12/05/2017

Just the facts, Hal

 

Journalism used to be such a human activity, based broadly on our insatiable curiosity and a desire to know stuff. People drawn to the industry were often thinkers, provocateurs and gossips fuelled by cynicism, wit and chutzpah.

Press desk reminiscences are fuelled by stories of mavericks, scoops and special relationships. Probably no-one applauds a sport report so detailed that every cross and pass is recorded or a business report that minutely tracks a business’s stock market activity.

This kind of information is important in its specificity. Created often enough it can build up data that lends itself to being crunched. And it now appears that it is the kind of story that a machine could write, and other machines – news aggregators – can harvest and collate.

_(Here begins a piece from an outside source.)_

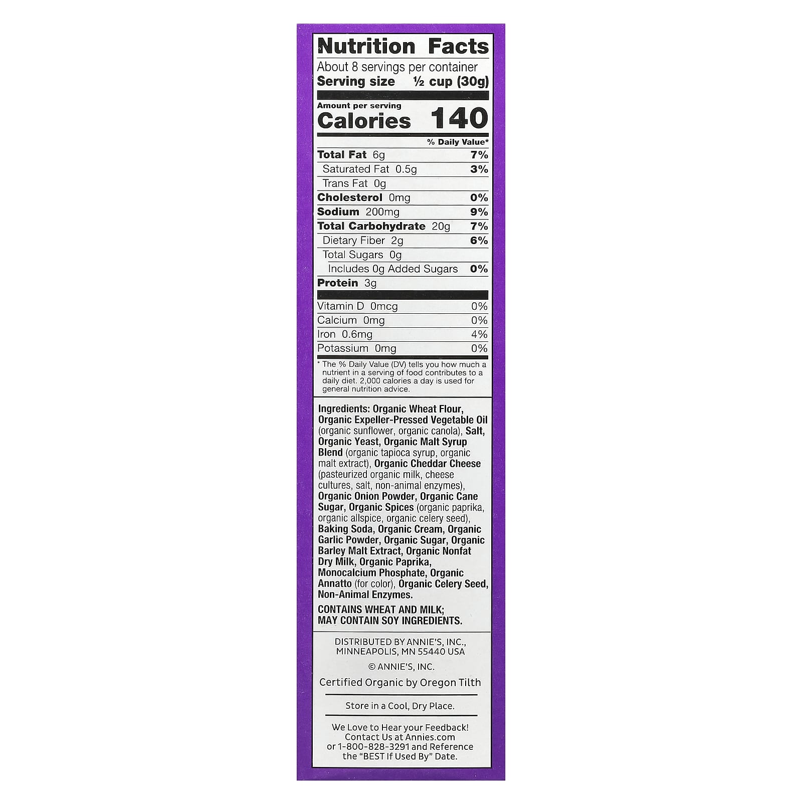 Органическая пшеничная мука, растительное масло органического отжима (органическое подсолнечное, органический рапс), соль, органические дрожжи, смесь органического солодового сиропа (органический тапиоковый сироп, органический солодовый экстракт), органический сыр чеддер (пастеризованное органическое молоко, сырные культуры, соль, ферменты неживотного происхождения), органический луковый порошок, органический тростниковый сахар, органические специи (органический перец, органический душистый перец, органические семена сельдерея), пищевая сода, органический крем, органический чесночный порошок, органический сахар, экстракт органического ячменного солода, органическое обезжиренное сухое молоко, органическая паприка, монокальций фосфат, органические аннато (для цвета), органические семена сельдерея, ферменты неживотного происхождения.

A recent article in The Conversation looked at ‘robo-journalism’, automated software that “converts structured data into stories with limited or no human intervention beyond the initial programming”. It has already been deployed by several large news organisations – including the Associated Press, which uses the technology to write thousands of business stories every year.

So it clearly has a role. But it is not journalism.

In the same way that PingGo – a new automated PR service launched in Edinburgh – overlooks the creativity, intelligence and knowhow that underpin success in PR. What it can never deliver, is the spark that comes from reflecting business plans through an actual human prism.

Computers say no, but people (especially in PR!) say yes. And we deliver. And we smile. A lot.